Clearly an approach that adds a qualifier would have superior abstraction capabilities, but my experience with C++ (both specification and use) has been that the weight to power ratio of volatile is enormous.


Andrei

On Thursday, 17 July 2014 at 15:58:05 UTC, Andrei Alexandrescu wrote:
> I think an approach based on functions peek/poke is a lot more promising. D programs must define sequences of std calls anyway, otherwise even the simplest programs that use writeln("What's your name?") followed by a readln() are incorrect. So in a way peek/poke come for "free".
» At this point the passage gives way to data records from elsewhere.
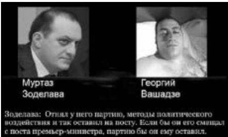
ზოდელავა: Отыл у него партни, методы политического воздействия и так оставил на посту. Если бы он его сменил с поста премьер-министра, партию бы он ему оставил.

„რეზონანსი“ გუნდს საქართველოდან ოდესის გუბერნატორი მიხეილ სააკაშვილი ხელმძღვანელობს, რომელიც სხვადასხვა სახის უსაფრთხოების ყველა სტრუქტურა უკვე დაიქვემდებარა. მაგალითად, ოდესის მილიციის სათავეში საქართველოს შს მინისტრის ყოფილი მოადგილე გიორგი ლორთქიფანიძე უდგას. პროკურატურას ფორმალურად დავით საყვარელიძე ხელმძღვანელობს, თუმცა დე ფაქტოდ, მას მურთაზ ზოდელავა განაგებს, რომელიც საქართველოს გენერალური პროკურატორი გახლდათ.
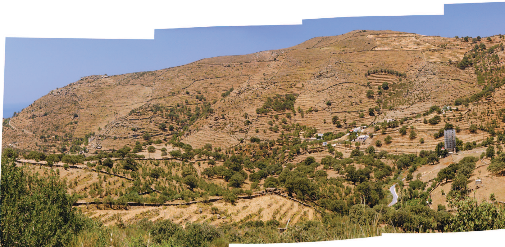
Εικόνα 1.2 Τυπικό τοπίο με αναβαθμίδες στην Κέα των Κυκλάδων, με βλάστηση τύπου dehesa: εκτεταμένη, αλλά αραιή, παρουσία βασιλικής δρυός ( Quercus macrolepis ) σε πυκνό δίκτυο αναβαθμιδών που σπέρνεται με ετήσιες καλλιέργειες [2013].

Η τεκμηρίωση αφορούσε, για κάθε νησί ξεχωριστά, στα παρακάτω συγκεκριμένα στοιχεία:
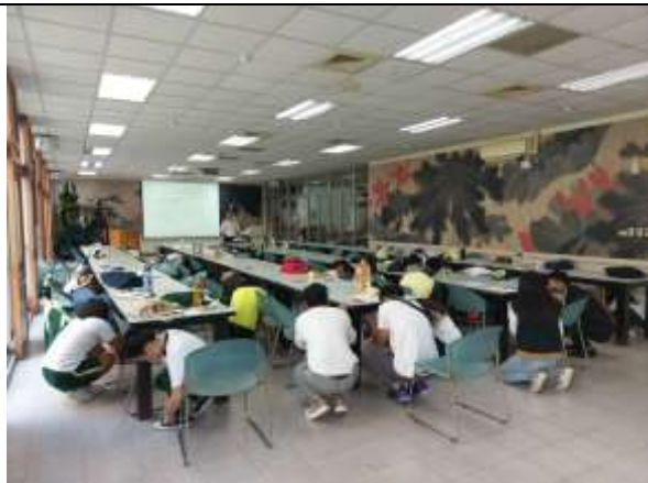
108.9.11 班級幹部避難演練
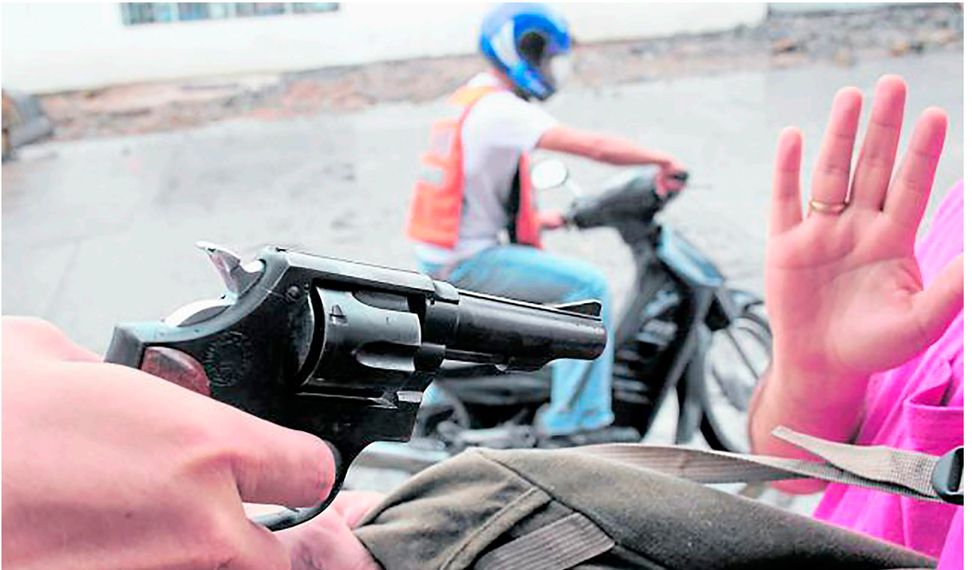
La ciudadanía tiene identificada a una pareja que se dedica al atraco.
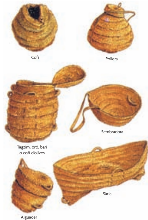
Artefactes d'espart, dibuix de X. Fornés i Llodrà (Barber, 1997).

tiques substituïen l'espart. La producció d'Albacete el 1970 fou tan sols de 4.600 tones en 12.600 hectàrees. Per aquells anys al territori valencià es collien poc més de 15.000 hectàrees d'espartars. El total de la producció nacional de 1985 va ser de 5.832 tones i ha continuat després a la baixa: 38 tones el 1996 i 605 l'any següent. Actualment és una producció marginal i s'ha d'importar espart magribí.
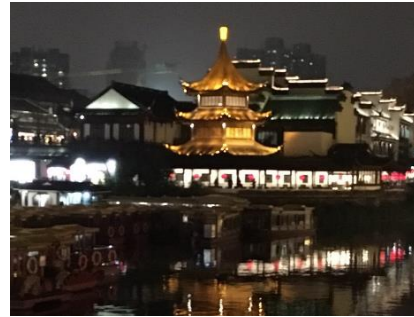
南京夫子廟の夜景
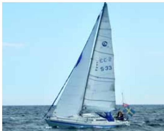
Gitsan i kuling på väg mot Sandhamn.

”Risken är minimal. Jag paddlar alltid nära land.”
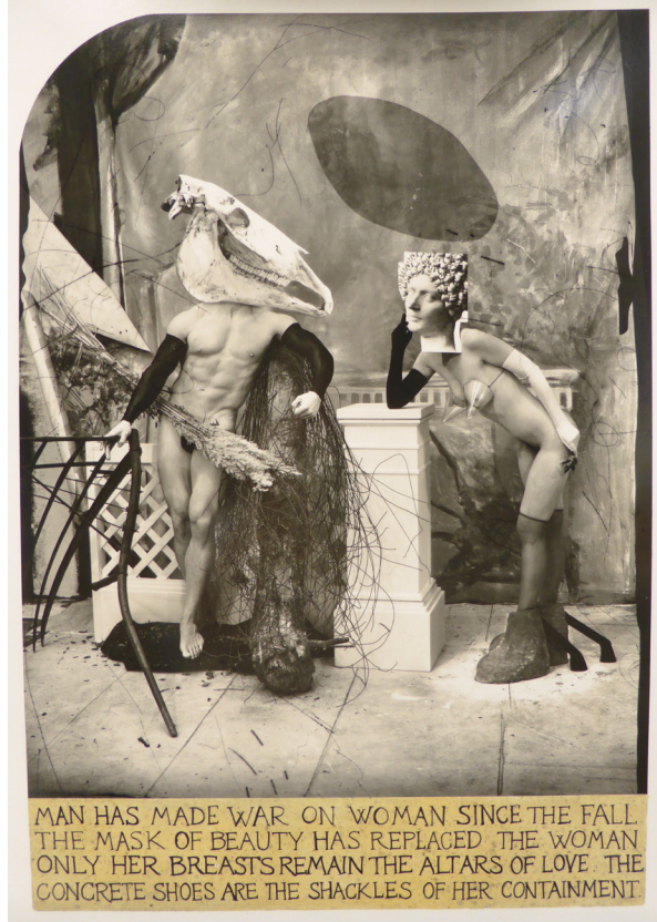
MAN HAS MADE WAR ON WOMAN SINCE THE FALL THE MASK OF BEAUTY HAS REPLACED THE WOMAN ONLY HER BREASTS REMAIN THE ALTARS OF LOVE. THE CONCRETE SHOES ARE THE SHACKLES OF HER CONTAINMENT.
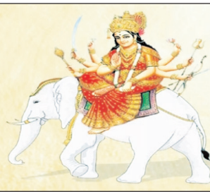
सूर्योदय से लगभग ढाढ़ घंटे पहले ही हो जाएगा। उसरा फाल्गुनी नक्षत्र और शुक्ल योग में सूर्योदय होगा। सुबह 07 बजकर 03 बजे के बाद हस्त नक्षत्र लगेगा। कनका स्थाना के लिए उत्तरा फाल्गुनी और हस्त दोनों ही नक्षत्र

जिन गृहस्थों को धन की कमी महसूस होती हो, उन्हें माता लक्ष्मी की उपासना में कनकभार सौत लक्ष्मी सोत श्रौस्तिक के पाठ से उपासना करनी चाहिए। बच्चों में शिक्षा
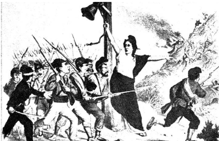
¡Republicanos, a la montaña!

que es preciso anclar á grandes remedios para conjurar la gravedad de la situación. Vich está seriamente amenazado y es preciso que las autoridades estén alerta para las consecuencias del desastre de Alpens no sean mas funestas todavía.
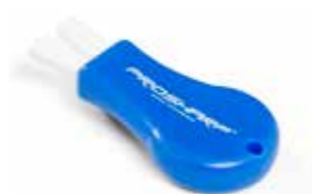
Podręczny kamień (PKY) - narzędzie do szybkiego gradowania w przerwie meczu.
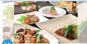
11 善吉 醸し屋
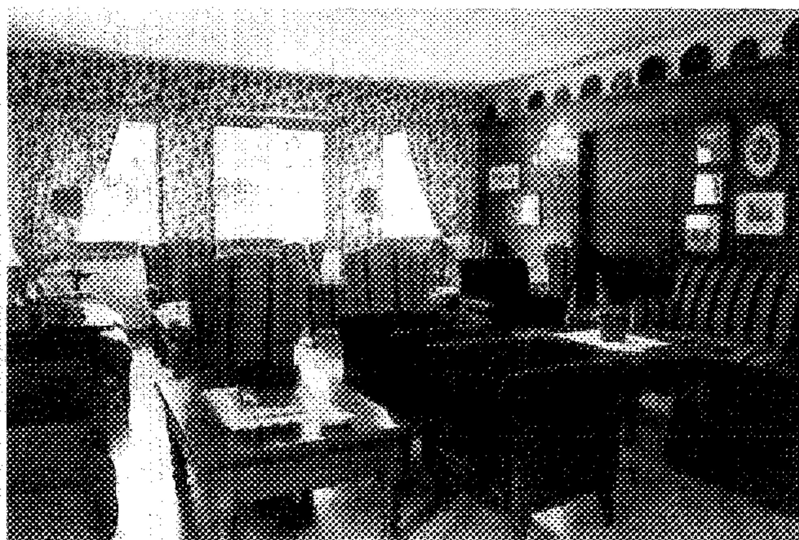
Sopra: veduta notturna del Fanes Hotel di San Cassiano in val Badia (Bolzano). A sinistra: il salotto del Romantik Hotel Villa Novecento di Courmayeur, in Valle d'Aosta.
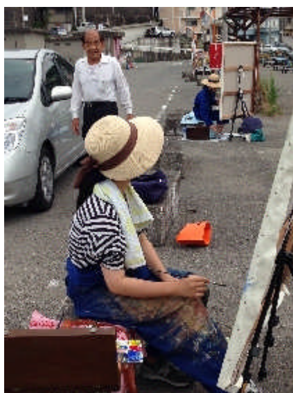
制作中の地元の方とのふれあい

Could you expand on this "sequences of calls"? What exactly do you mean by defining it?

We had the volatile statement as a compiler barrier in D1. Why not basically that instead of a type qualifier?  We pretty much need it back for atomics anyway.

On 7/17/14, 9:06 AM, John Colvin wrote:
> On Thursday, 17 July 2014 at 15:58:05 UTC, Andrei Alexandrescu wrote:
>> I think an approach based on functions peek/poke is a lot more
>> promising. D programs must define sequences of std calls anyway,
>> otherwise even the simplest programs that use writeln("What's your
>> name?") followed by a readln() are incorrect. So in a way peek/poke
>> come for "free".
>
> Could you expand on this "sequences of calls"? What exactly do you mean
> by defining it?

For example if you run this C program:

printf("ur name: ");
fflush(stdout);
scanf("%s", &name);
printf("Hello, %s!", name);

it's guaranteed the order of calls is preserved.


Andrei